* **Exercise details**
Using the data below, reproduce exactly the lines from the line with "美帮汇免打孔浴室置物架梳妆化妆台架钢化玻璃架单双层镜前架太空铝" to the line with "lower body with", both included; pictures must be dropped.

* **Data excerpts**
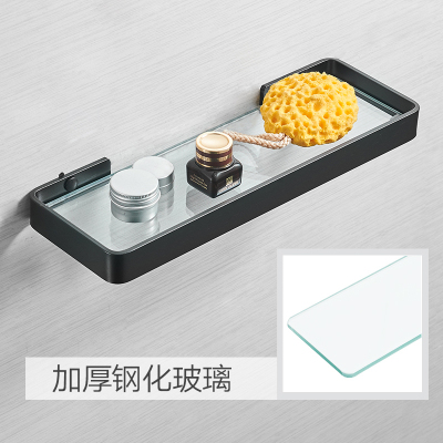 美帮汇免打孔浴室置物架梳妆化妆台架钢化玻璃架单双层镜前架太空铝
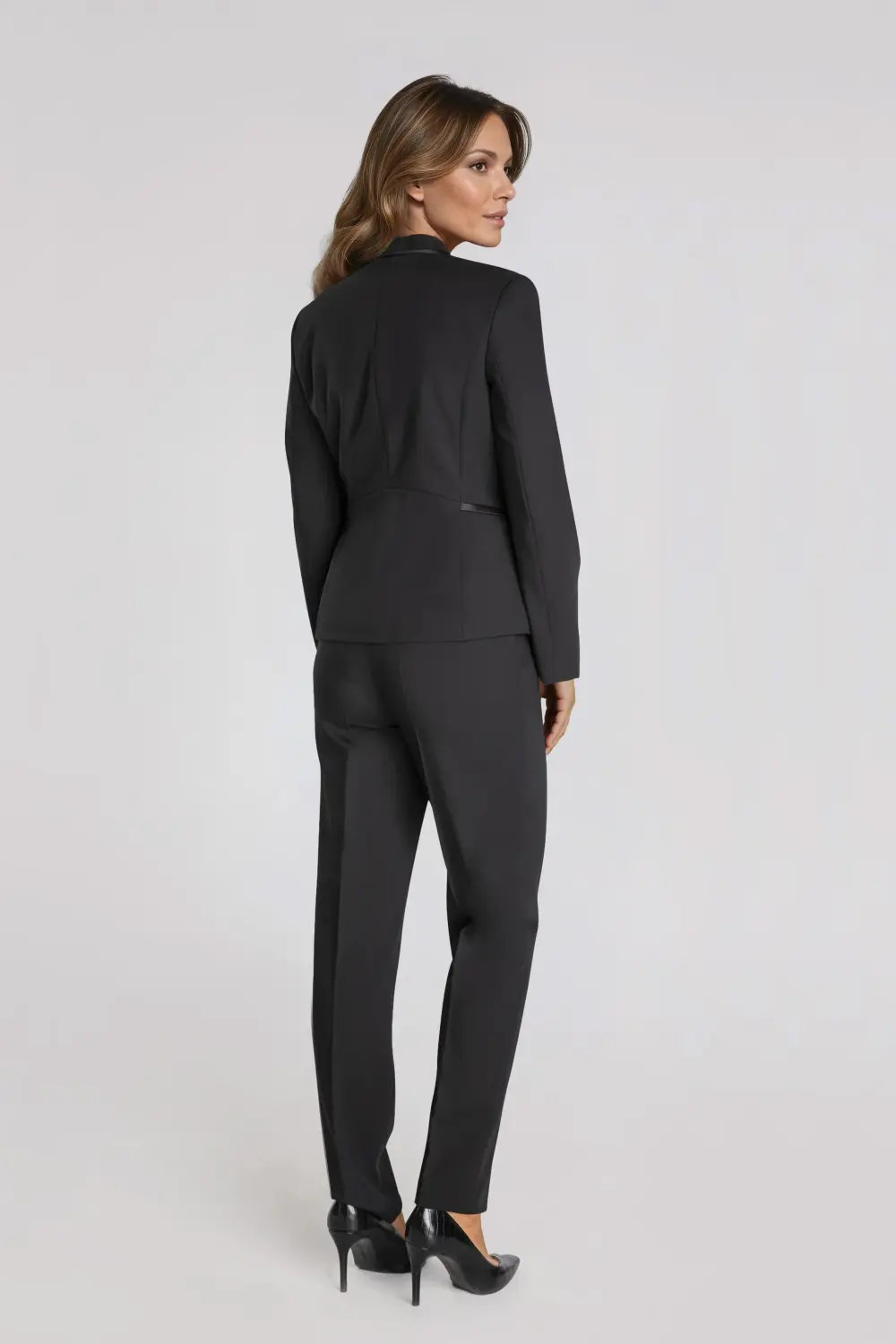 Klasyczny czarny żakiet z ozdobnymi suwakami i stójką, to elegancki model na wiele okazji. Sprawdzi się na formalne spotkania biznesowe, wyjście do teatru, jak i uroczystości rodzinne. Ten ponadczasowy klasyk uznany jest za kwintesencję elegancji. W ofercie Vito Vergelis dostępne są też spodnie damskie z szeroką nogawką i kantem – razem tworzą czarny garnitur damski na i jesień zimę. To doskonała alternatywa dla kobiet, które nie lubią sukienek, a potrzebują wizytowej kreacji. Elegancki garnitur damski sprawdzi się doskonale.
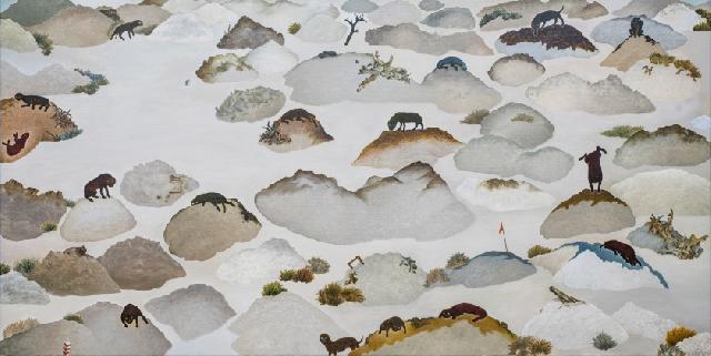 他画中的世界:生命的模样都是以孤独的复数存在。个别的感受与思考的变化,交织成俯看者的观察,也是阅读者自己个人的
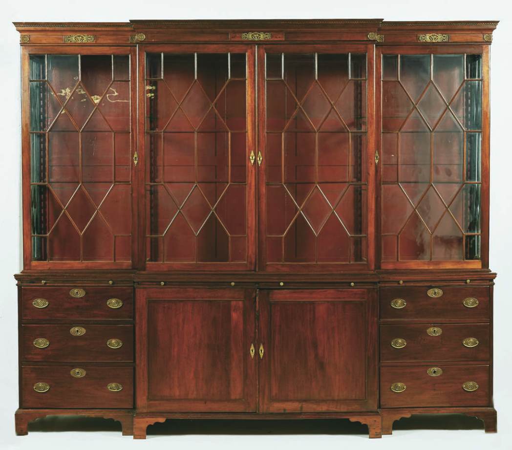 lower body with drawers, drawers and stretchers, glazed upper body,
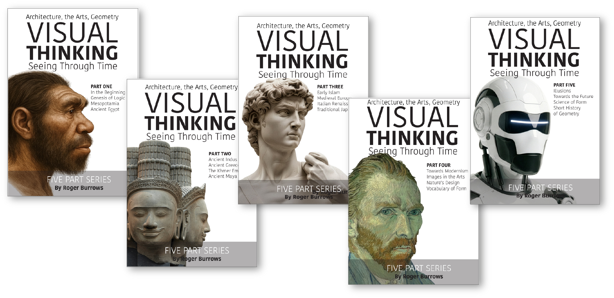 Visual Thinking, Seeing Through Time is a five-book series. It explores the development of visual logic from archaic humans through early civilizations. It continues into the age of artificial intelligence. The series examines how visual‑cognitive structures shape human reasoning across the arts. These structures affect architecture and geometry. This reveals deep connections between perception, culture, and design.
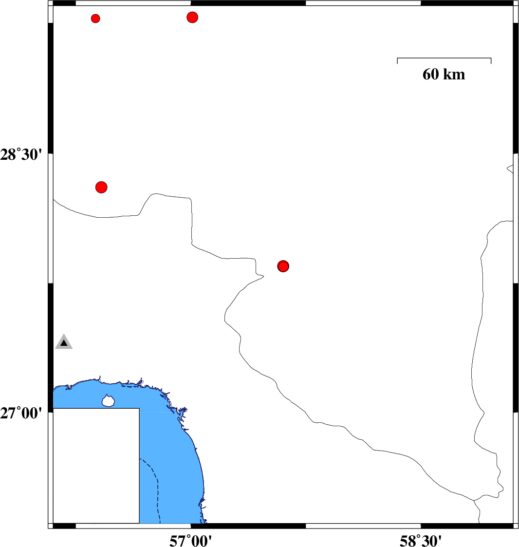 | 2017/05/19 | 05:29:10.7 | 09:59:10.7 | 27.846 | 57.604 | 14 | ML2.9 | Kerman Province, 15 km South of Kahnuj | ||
---
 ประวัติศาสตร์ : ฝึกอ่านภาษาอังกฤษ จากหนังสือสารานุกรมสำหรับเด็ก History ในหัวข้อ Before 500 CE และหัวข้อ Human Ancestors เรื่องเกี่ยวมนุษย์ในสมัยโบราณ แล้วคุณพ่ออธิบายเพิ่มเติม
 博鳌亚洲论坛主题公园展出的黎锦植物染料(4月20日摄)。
--
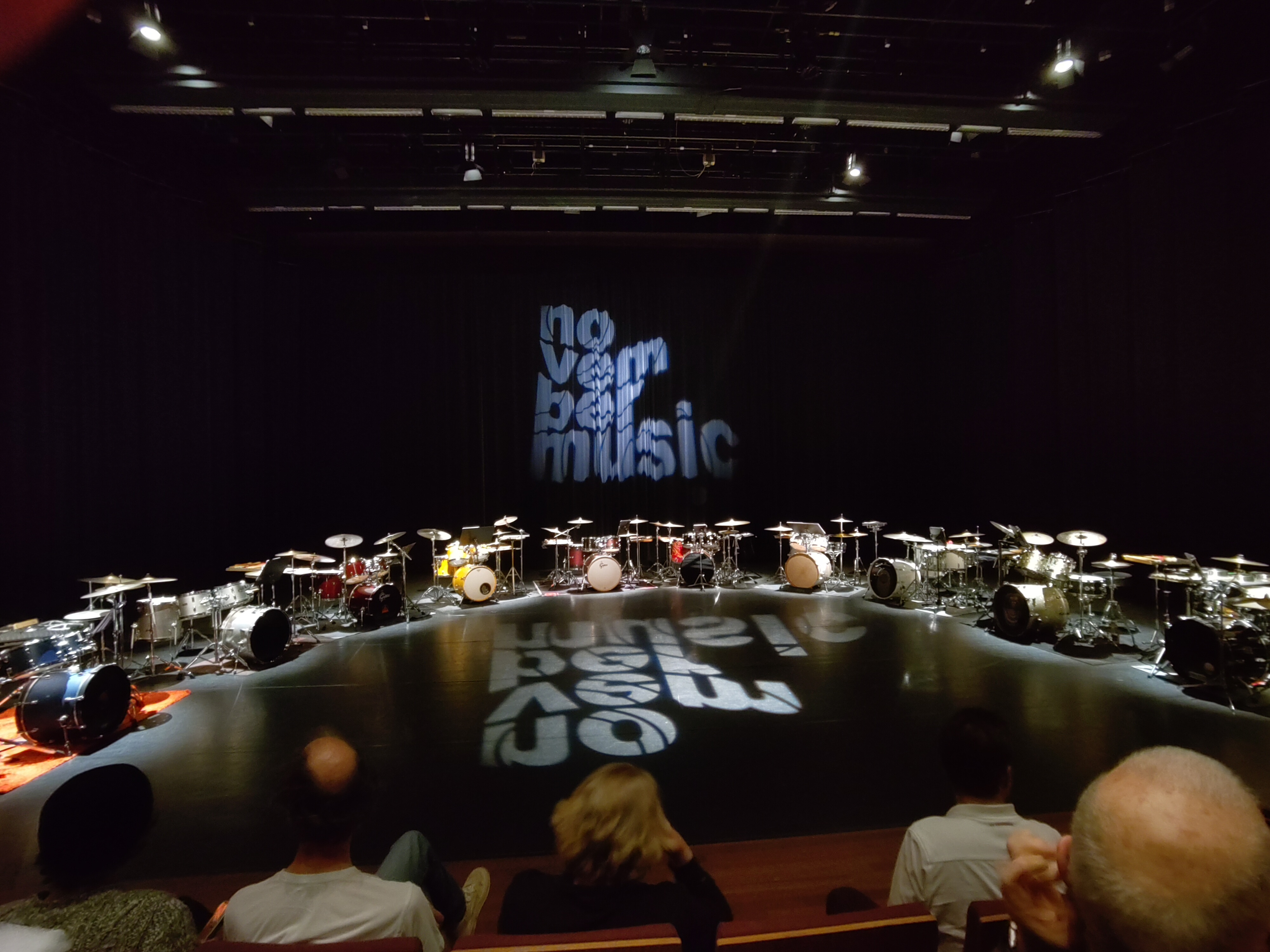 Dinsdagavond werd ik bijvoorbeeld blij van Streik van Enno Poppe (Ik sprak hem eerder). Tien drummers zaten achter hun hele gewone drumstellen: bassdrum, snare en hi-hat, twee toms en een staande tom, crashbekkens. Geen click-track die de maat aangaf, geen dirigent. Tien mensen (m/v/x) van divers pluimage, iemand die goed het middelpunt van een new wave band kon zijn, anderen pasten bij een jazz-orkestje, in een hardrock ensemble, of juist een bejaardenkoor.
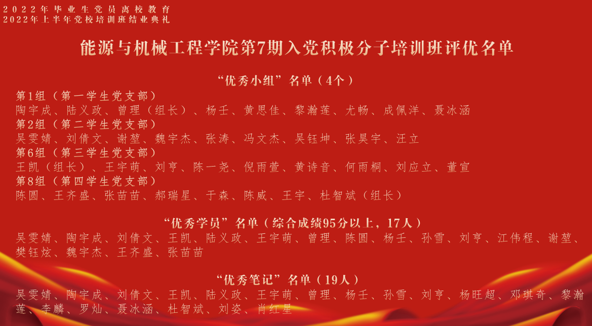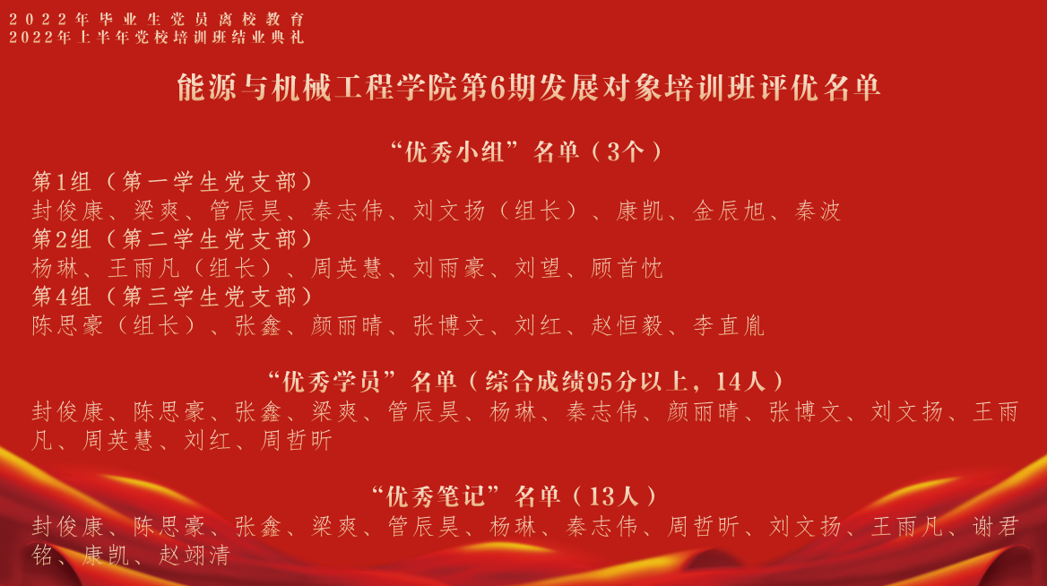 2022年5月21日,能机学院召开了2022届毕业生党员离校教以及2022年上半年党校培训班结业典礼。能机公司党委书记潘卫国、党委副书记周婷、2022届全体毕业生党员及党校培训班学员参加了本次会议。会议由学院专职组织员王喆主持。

* **Response for this exercise**
 美帮汇免打孔浴室置物架梳妆化妆台架钢化玻璃架单双层镜前架太空铝
 Klasyczny czarny żakiet z ozdobnymi suwakami i stójką, to elegancki model na wiele okazji. Sprawdzi się na formalne spotkania biznesowe, wyjście do teatru, jak i uroczystości rodzinne. Ten ponadczasowy klasyk uznany jest za kwintesencję elegancji. W ofercie Vito Vergelis dostępne są też spodnie damskie z szeroką nogawką i kantem – razem tworzą czarny garnitur damski na i jesień zimę. To doskonała alternatywa dla kobiet, które nie lubią sukienek, a potrzebują wizytowej kreacji. Elegancki garnitur damski sprawdzi się doskonale.
 他画中的世界:生命的模样都是以孤独的复数存在。个别的感受与思考的变化,交织成俯看者的观察,也是阅读者自己个人的
 lower body with drawers, drawers and stretchers, glazed upper body,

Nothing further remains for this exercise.